There are three hypotheses to explain why young people with schizophrenia use cannabis (http://goo.gl/ZOSk7H).
1) Cannabis triggers the disease in people with a predisposition, as is suggested by the study at hand.
2) People with schizophrenia use cannabis as a way to self-medicate or manage their experience of the disease. The research does not support this strongly, though cannabis use may give sufferers a perception of control over their disease. This is not something to be dismissed and requires further research. One study from 2012 suggests that one component of marijuana, cannabidiol, may be used to treat schizophrenia. This component does not contain THC which is responsible for the intoxication effects of traditional marijuana. Instead, cannabidiol may reduce the symptoms of psychosis, but further research is needed to fully test this treatment (http://goo.gl/NPGKjm).
3) Cannabis use can trigger schizophrenia through confounding variables. This is the prevailing medical view, though the association is not so neatly weaved together.

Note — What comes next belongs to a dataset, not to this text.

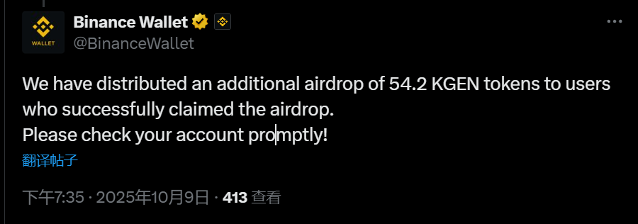 币安钱包:已对成功领取 KGEN 代币空投的用户追加 54.2 枚 KGEN 空投

Problems with Media Coverage of Mental Illness
The article that covered this story went for a shock value headline. Headlines prime audiences about what they should expect from a scientific article. Sensationalised headlines invite personal opinion based on individual experience. This may range from “I smoke pot and I’m fine” to disparaging comments about “crazy” people. This is the problem with the way in which news headlines shape public discussions of science. Should people read an article before discussing the soundbite? Of course. Does this happen in practice? Not as much as it should. The idea that sensational headlines “sell” is flawed. Shock headlines sometimes get people to click on a link. On a social media site like Google+, some people will go off the headline and the text in a post. In fact, most of the social media research shows that people rarely want to click away from the social site they’re currently on (more on this in another post). This is why we stress in our community that posts should summarise the science behind an article in detail. The link should be there for people who want to read further (and if you write a good post, people will be more willing to click on a link!).
While research suggests that people are sceptical of media reports, not everyone is trained to think about research the way scientists do. Paywalls also stop people from reading the study for themselves (as well as the technical language used in academic journals). This is why scientists need to step up and debunk bad science journalism.

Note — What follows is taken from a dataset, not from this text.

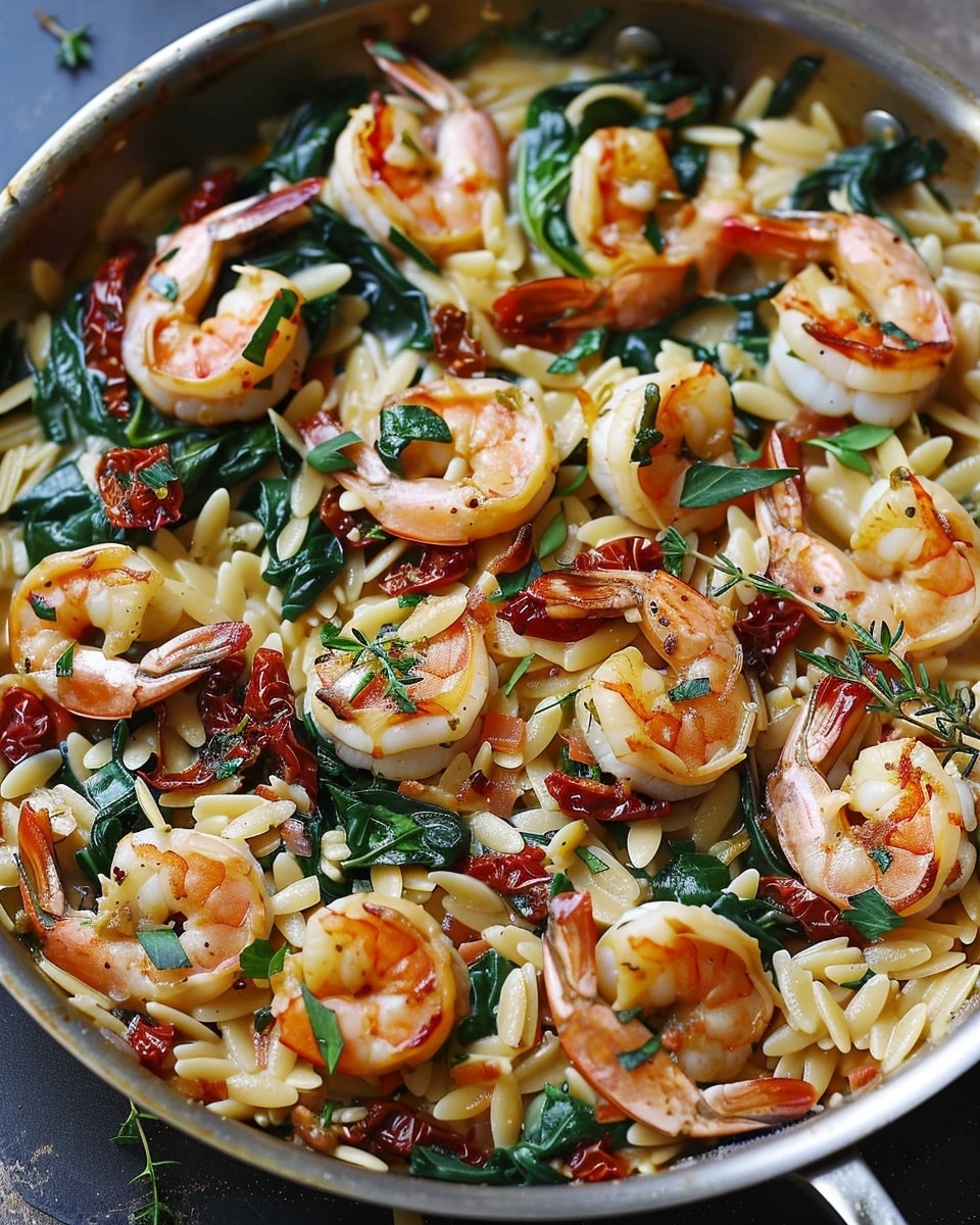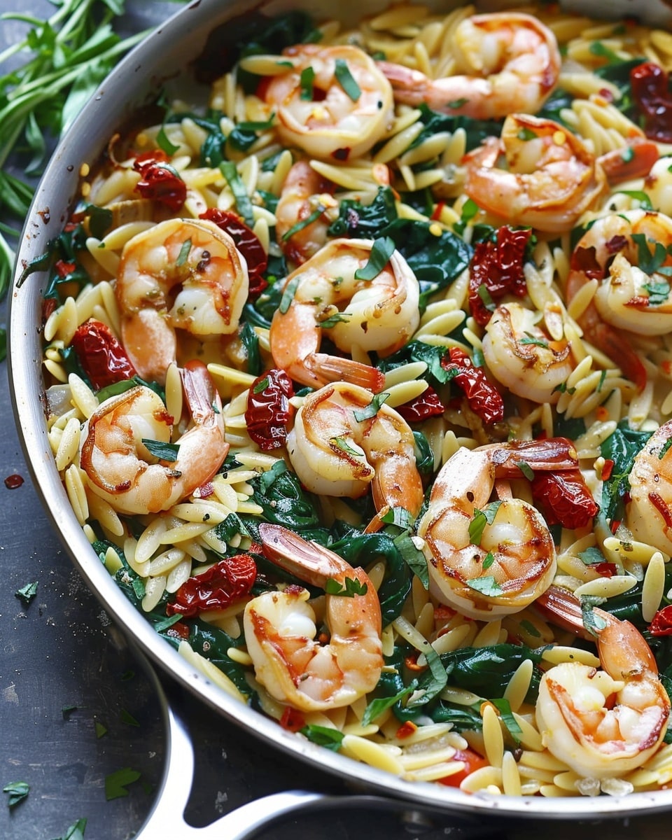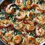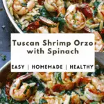 Tuscan Shrimp Orzo with Spinach is a quick, creamy, and flavorful one-pan dinner that’s perfect for busy weeknights. Tender orzo pasta is simmered in a garlicky, Parmesan-laced Tuscan sauce with sun-dried tomatoes, juicy shrimp, and fresh spinach. This easy shrimp orzo recipe is packed with Italian-inspired flavor and comes together in just 30 minutes.

Moving Beyond Individual Speculation
The research has established a correlation, but causation is disputed. The evidence strongly suggests that cannabis compounds schizophrenia and the gravity of this finding cannot be reduced. Nevertheless, media stories that run with a causation headline only serve to spread misinformation.

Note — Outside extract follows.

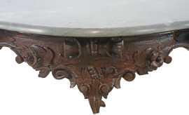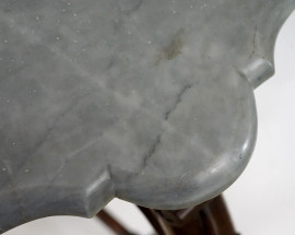 piano di linea sagomata in marmo grigio, poggiante su gambe mosse riunite da crociera, particolari intagliati a motivi di rose e riccioli.

Bad science writing invites cannabis users to say: “I use it and I’m fine!” It also serves to reinforce a cultural stereotype that people with mental illness may have avoided their condition if they’d only stayed away from recreational drugs. In the end, the causation narrative does more damage and serves only to stigmatise both cannabis users and schizophrenic sufferers as deviants. People living with schizophrenia are doubly stigmatised as their cannabis use makes it seem as if they are wilfully contributing to their illness. Research is seeking to better understand why some people with schizophrenia rely on cannabis.
Mental health is a serious matter. It shouldn’t be reduced to an alarmist headline. Mental illness is part of the human condition. Addressing the treatment of schizophrenia requires compassion, not judgement. Most of all it needs solid scientific research, not dismissive condemnation based on personal or social conjecture.